SCT The natural history of follicular lymphoma is characterized by response to therapy but repeated relapses and progressively shorter and shorter remissions, ultimately resulting in death from progressive disease. Autologous and allogeneic SCTs are alternative strategies often associated with durable remissions that may impact overall survival. Unfortunately, immediate and long-term toxicities are significant and must be considered when assessing the appropriate role of transplantation in the overall treatment plan for individual patients. Whether any of the new therapeutic strategies will prove to be as effective as autologous SCT in the relapsed setting remains to be seen.
Several groups have investigated the role of autologous SCT as consolidation therapy for patients in first complete or partial remission. Although progression-free survival may be prolonged, an impact on survival has not been demonstrated consistently. An increased incidence of secondary myelodysplasia following autologous SCT in first remission has reduced enthusiasm for this approach. Contemporary trials evaluating the role of autologous SCT for follicular lymphoma in first remission induced with rituximab-containing regimens are needed. The results of a GLSG trial comparing IFN maintenance with myeloablative chemotherapy with autologous SCT after induction with CHOP or R-CHOP are awaited.
An alternative approach to consolidating complete and partial remissions achieved with conventional induction therapy is the use of a sequential HDCT program, which culminates in an autologous SCT. The Italian cooperative groups have reported results of a phase III randomized trial comparing R-CHOP for 6 cycles with sequential HDCT with autologous SCT. Again, there was a significant difference in event-free survival but no difference in overall survival.
Single-institution studies as well as analysis of registry data suggest that a tumor-free graft is an important determinant of outcome in follicular lymphoma. Administration of rituximab during stem cell mobilization provides an "in vivo" purge, reducing contamination of the autograft with malignant lymphocytes. The long-term benefit of such an approach has not yet been demonstrated.
Allogeneic SCT has been investigated primarily in young patients with HLA-identical sibling donors and extensive disease and/or marrow involvement. Low relapse rates suggest that this approach is potentially curative but is associated with treatment-related morbidity and mortality. Reduced-intensity transplantation is based on the assumption that a graft-vs-lymphoma effect is operative and has the potential to cure follicular lymphoma. Whether this approach will reduce toxicity while maintaining the low relapse rates associated with standard myeloablative allotransplants remains to be established.
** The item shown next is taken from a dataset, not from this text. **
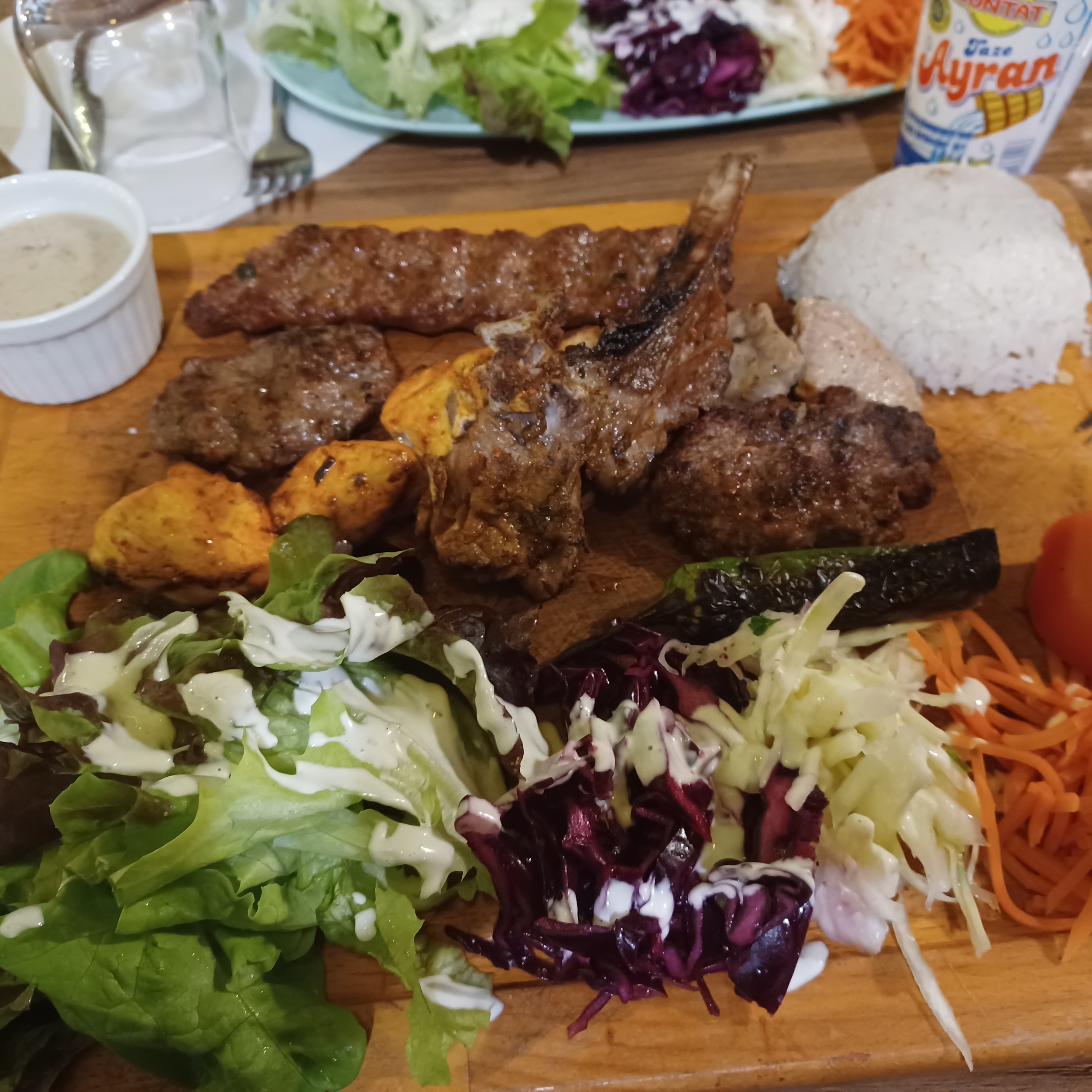 On c’est régalé , les repas étaient hyper bon (kuzu Ali nazik, kusbasili pide, begendi adana). Par contre Le service est à revoir ainsi que l’hygiène des wc est à revoir d’urgence.

A randomized trial comparing this strategy with autologous SCT in relapsed follicular lymphoma was initiated in the United States to answer this important question but closed early because of poor accrual.
Overall treatment strategy
Whereas treatment choices were once limited to single or combination alkylator-based treatment, we now are faced with choosing among a wide variety of strategies. There are many unanswered questions that can only be addressed through well-designed clinical trials. Hence, whenever possible, every patient with follicular lymphoma should be enrolled in prospective clinical studies. In the absence of symptoms or other indications for treatment, patients should be observed. A combination of rituximab and chemotherapy is recommended in the absence of a clinical trial for those who require treatment. Selected patients with comorbidities may be best served with rituximab alone. Radioimmunotherapy is a good option at the time of relapse, with transplantation reserved for selected patients in first or subsequent relapse.